TASK INPUTS:

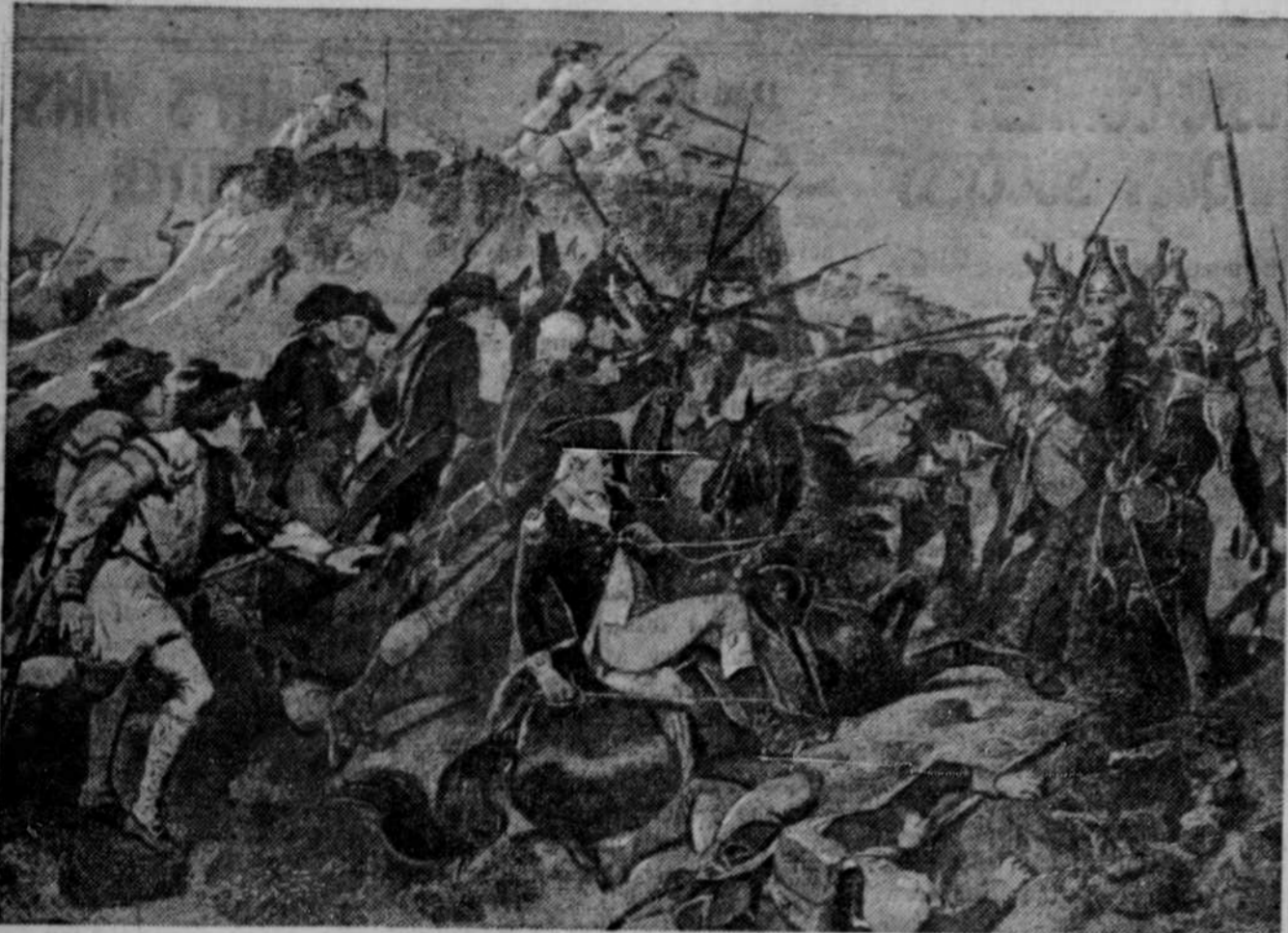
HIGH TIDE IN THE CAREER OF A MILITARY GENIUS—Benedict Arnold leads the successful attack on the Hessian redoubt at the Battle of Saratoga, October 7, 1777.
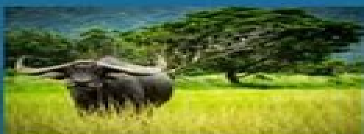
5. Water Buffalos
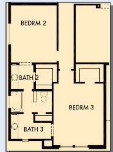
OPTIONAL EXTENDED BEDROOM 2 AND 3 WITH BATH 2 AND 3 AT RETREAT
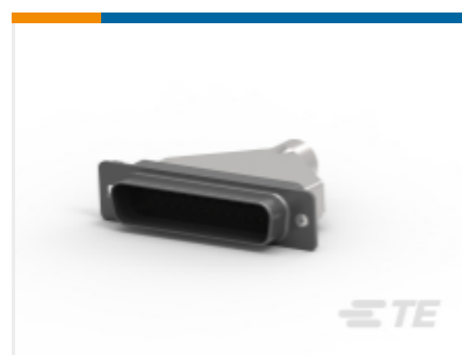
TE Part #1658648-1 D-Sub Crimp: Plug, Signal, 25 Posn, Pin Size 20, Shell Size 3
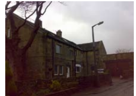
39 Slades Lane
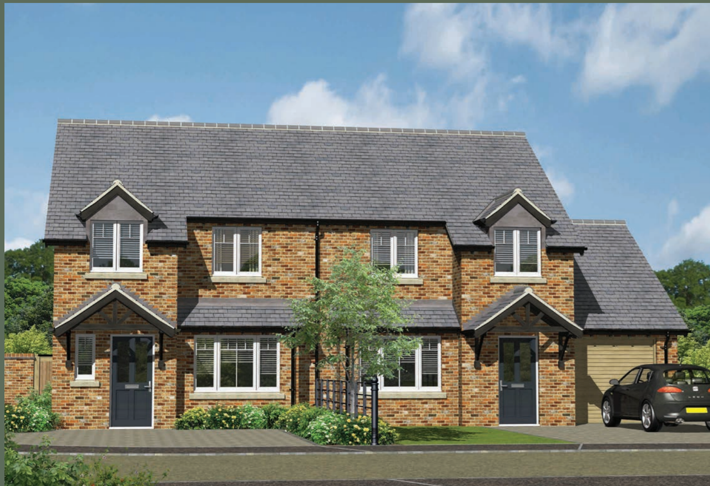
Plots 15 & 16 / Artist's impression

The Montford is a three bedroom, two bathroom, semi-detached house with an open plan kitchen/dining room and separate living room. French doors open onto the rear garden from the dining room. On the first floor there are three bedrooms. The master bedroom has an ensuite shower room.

--

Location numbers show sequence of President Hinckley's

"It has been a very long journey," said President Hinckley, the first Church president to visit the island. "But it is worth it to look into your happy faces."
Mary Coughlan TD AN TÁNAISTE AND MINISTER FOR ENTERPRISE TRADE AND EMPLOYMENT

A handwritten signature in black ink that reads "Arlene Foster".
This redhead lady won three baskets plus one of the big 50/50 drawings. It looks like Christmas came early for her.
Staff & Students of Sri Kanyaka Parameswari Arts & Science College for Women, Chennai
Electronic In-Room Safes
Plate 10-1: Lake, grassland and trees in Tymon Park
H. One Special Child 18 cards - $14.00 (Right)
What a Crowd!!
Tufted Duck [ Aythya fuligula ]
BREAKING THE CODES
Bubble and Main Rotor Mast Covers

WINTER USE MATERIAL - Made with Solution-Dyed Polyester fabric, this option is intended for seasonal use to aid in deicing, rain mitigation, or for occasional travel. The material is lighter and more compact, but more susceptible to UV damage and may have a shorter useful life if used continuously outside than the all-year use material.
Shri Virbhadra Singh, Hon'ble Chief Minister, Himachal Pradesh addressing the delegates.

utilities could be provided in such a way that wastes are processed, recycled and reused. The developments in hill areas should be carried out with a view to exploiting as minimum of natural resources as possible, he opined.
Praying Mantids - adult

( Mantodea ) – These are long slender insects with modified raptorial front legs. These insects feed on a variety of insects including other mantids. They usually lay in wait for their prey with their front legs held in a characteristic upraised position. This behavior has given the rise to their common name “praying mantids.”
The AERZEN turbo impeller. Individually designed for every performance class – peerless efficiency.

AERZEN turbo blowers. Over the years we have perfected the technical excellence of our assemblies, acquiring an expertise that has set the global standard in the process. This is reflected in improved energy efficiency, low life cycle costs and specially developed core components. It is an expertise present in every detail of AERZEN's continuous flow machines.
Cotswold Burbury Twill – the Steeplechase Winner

...

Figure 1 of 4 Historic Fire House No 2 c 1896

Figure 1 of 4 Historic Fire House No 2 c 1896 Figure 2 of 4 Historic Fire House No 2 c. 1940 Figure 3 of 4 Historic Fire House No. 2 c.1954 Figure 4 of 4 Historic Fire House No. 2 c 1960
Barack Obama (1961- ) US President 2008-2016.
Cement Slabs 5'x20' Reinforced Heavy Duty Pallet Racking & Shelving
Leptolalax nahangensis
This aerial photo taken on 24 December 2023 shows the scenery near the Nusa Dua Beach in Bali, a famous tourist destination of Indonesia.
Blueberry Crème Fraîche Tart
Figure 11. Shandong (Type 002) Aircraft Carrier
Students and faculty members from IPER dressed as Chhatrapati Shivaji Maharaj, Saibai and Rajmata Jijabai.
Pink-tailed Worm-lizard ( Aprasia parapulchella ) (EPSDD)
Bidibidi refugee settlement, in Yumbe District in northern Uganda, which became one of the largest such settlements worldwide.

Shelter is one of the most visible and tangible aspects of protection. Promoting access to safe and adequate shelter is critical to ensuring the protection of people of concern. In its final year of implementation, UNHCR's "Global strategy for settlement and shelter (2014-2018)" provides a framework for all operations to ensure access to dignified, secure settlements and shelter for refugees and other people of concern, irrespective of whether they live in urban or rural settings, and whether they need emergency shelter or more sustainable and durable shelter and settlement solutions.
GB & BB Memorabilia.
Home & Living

INSTRUCTIONS TO FOLLOW: Among the entries above, locate the lines containing "H. One Special" and "The AERZEN turbo", and transcribe exactly those two lines and all lines between.

TASK RESPONSE:
H. One Special Child 18 cards - $14.00 (Right)
What a Crowd!!
Tufted Duck [ Aythya fuligula ]
BREAKING THE CODES
Bubble and Main Rotor Mast Covers

WINTER USE MATERIAL - Made with Solution-Dyed Polyester fabric, this option is intended for seasonal use to aid in deicing, rain mitigation, or for occasional travel. The material is lighter and more compact, but more susceptible to UV damage and may have a shorter useful life if used continuously outside than the all-year use material.
Shri Virbhadra Singh, Hon'ble Chief Minister, Himachal Pradesh addressing the delegates.

utilities could be provided in such a way that wastes are processed, recycled and reused. The developments in hill areas should be carried out with a view to exploiting as minimum of natural resources as possible, he opined.
Praying Mantids - adult

( Mantodea ) – These are long slender insects with modified raptorial front legs. These insects feed on a variety of insects including other mantids. They usually lay in wait for their prey with their front legs held in a characteristic upraised position. This behavior has given the rise to their common name “praying mantids.”
The AERZEN turbo impeller. Individually designed for every performance class – peerless efficiency.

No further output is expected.